The men said their uncle, John Doty, had acquired the books after World War II in Germany, where he'd served as a captain in the U.S. Army. Margulis told them he had an auction coming up and offered to sell the items on commission. But the men said they were leaving town that weekend, so he cut them a check for $775 and told them where he thought they might be able to sell the rest of the books.
Not long afterward, Margulis held one of his not-infrequent Sunday auctions, invitation-only affairs at his apartment in University City that were attended by a cadre of regional book dealers. He'd arrange the books on tables in the living room and bedroom, and his guests would spend the morning and afternoon eating, drinking and bidding.
Most of the local rare-book crowd was there, Margulis says, including Michael Hirschfeld, owner of the Hirschfeld Galleries, which at that time was located on Euclid Avenue in the Central West End; and Eugene Hughes, whose shop, Antiquarian Bookseller, is on De Mun Avenue at Clayton Road.

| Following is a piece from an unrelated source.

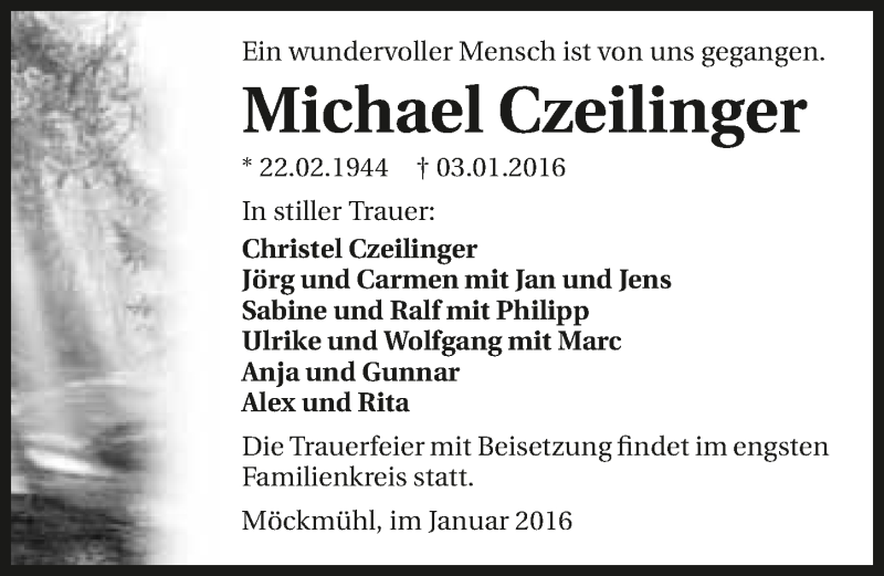 Hier finden Sie alle Traueranzeigen aus der Zeitung, die bisher für Michael Czeilinger erschienen sind. Weitere Traueranzeigen, die in der Zeitung erscheinen, werden hier ebenfalls aufgelistet

One local rare-book aficionado who couldn't make it to the auction was Rod Shene.
Margulis says he knew Hirschfeld, Hughes and Shene would take an interest in the books he'd bought from the Doty estate, and he was equally certain that they'd do any necessary research to establish their value. "Rod was something of an expert on older books," Margulis says. "Particularly Michael and Eugene were experts on older books."
In a floppy haircut and sneakers, Shene (pronounced "Shane") looks younger than his 49 years. Even at that, he's one of the younger members of the small circle of local book scouts who prowl the estate-sale circuit in search of overlooked curios they can scoop up at bargain prices and flip for a profit to collectors or fellow dealers. (Sometimes rivalries in that world are cordial, sometimes not. Notes Hughes, "Occasionally we buy from each other. We'd also like to throw each other off a cliff.")
Shene's infatuation with rare books had been born in the 1980s, while he was studying at Washington University. He was pursuing an M.F.A. in creative writing and a Ph.D. in English, but although he'd end up with a master's in English, he eventually came to terms with the fact that he was a terrible academic ill-suited to finishing what he started. At the same time, a passion for literary and cultural ephemera made him a whiz at spotting biblio-treasures.
And book scouting paid better than part-time teaching.
One of Shene's early finds was a set of Depression-era promotional posters for the Works Progress Administration that the Saint Louis Art Museum was unloading. He paid maybe $10 for each of four posters that today might be worth a few hundred dollars apiece. He says he hits on something special once or twice a year like the time he bought a set of Oscar Wilde works and a letter from Wilde fell out of one of the books. Just this past spring he made a $1,200 sale on a pamphlet that he'd picked up at the Greater St. Louis Book Fair for $10. Shene's single biggest deal to date: $50,000 for a title he won't name. Nor will he divulge how much he paid to acquire it. Discretion is part of the etiquette of the trade. "I would embarrass the dealer who sold it to me," Shene says. "I paid considerable money for it, but I made a lot of money on it."